C. atripectoralis is the sibling species of the blue-green damselfish C. viridis based on their mitochondrial genome. C. atripectoralis is often confused with C. viridis because the two species have a similar body shape and blue-green coloration. The two species can be differentiated by the color pattern of their fins. The pectoral fin axil of C. atripectoralis is black, whereas the upper base of the pectoral fin of C. viridis appears dusky due to the presence of black dots. Additionally, the two sibling species have different, but overlapping, numbers of pectoral rays. C. atripectoralis has 18-20 pectoral rays, while C. viridis has 17-19.

== Habitat ==
The range of C. atripectoralis spans the Indian and south Pacific Oceans from the east African coasts to French Polynesia, and the damselfish can also be found as far north as the Ryukyu Islands of Japan in the north Pacific. The habitat of C. atripectoralis overlaps with that of its sibling species C. viridis, although C. viridis can additionally be found in the Red Sea.

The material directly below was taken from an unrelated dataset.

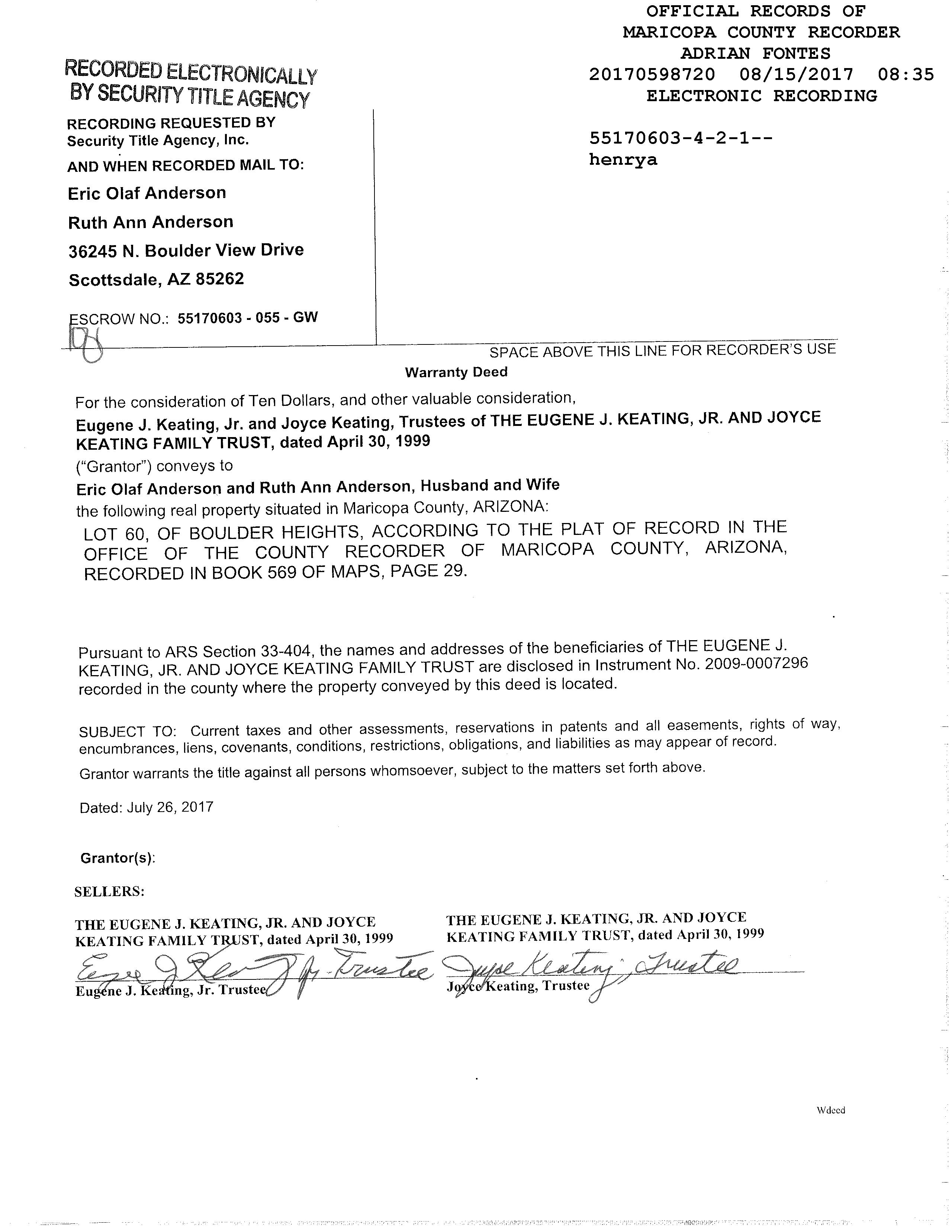 Mailing Address : 36245 N Boulder View Dr, Scottsdale AZ 85262-3901 R124

C. atripectoralis resides in coral reefs. As adults, C. atripectoralis shows a preference for branching corals, although the species can also be found in plate, sub massive, massive, encrusting, soft, and dead corals. Juveniles exhibit a preference for living in both branching and plate corals, although they have been found in sub massive corals as well. Adults may live in rubble or pavement as well, while juveniles have only been found to live in consolidated pavement. Loss of the coral reef niche is correlated with a decline in C. atripectoralis populations, as this species is highly specialized to live in reefs.

C. atripectoralis can tolerate higher water temperatures relative to cardinalfish that occupy the same habitat. C. atripectoralis does exhibit a reduction in aerobic scope across the high water temperature range of 29 °C to 33 °C; however the fish can still aerobically respire at a rate greater than half of its aerobic scope under normal conditions. The relatively high thermotolerance of C. atripectoralis may allow it to live at latitudes closer to the equator and to resist extinction as global ocean temperatures rise.

== Larval behavior and settlement to coral reefs ==
C. atripectoralis is an oviparous species whose eggs are laid into the water to hatch at a later time. The late-stage larvae of C. atripectoralis reside in the pelagic zone and exhibit a swimming speed range of 21.6 to 25.2 centimeters per second. The late-stage larvae exhibit directionality in their swimming, although there is more variation in directionality in leeward trajectories than in windward trajectories. Additionally, the late-stage larvae of C. atripectoralis exhibit greater variation in their swimming directionality during afternoons with cloudy conditions than in sunny conditions. This suggests that the larvae may use a solar compass to guide their movements. The overall swimming directionality of late-stage C. atripectoralis appears to be southeast in the morning and south-southwest in the afternoon, regardless of where the nearest shore is located. The east-west component of C. atripectoralis larval swimming observed indicates that the larvae move actively rather than floating passively with the current, as the larvae were studied in an area with a north-south current.

C. atripectoralis larva can differentiate biological sounds coming from coral reefs from other, non-biological sounds and alter their behavior in response to the biological sounds. There is currently no evidence that C. atripectoralis larva can localize the source of biological sounds, but it is possible that the larvae's ability to identify nocturnal reef noises may function in combination with other methods, such as a solar compass, to facilitate their success in settling to a coral reef.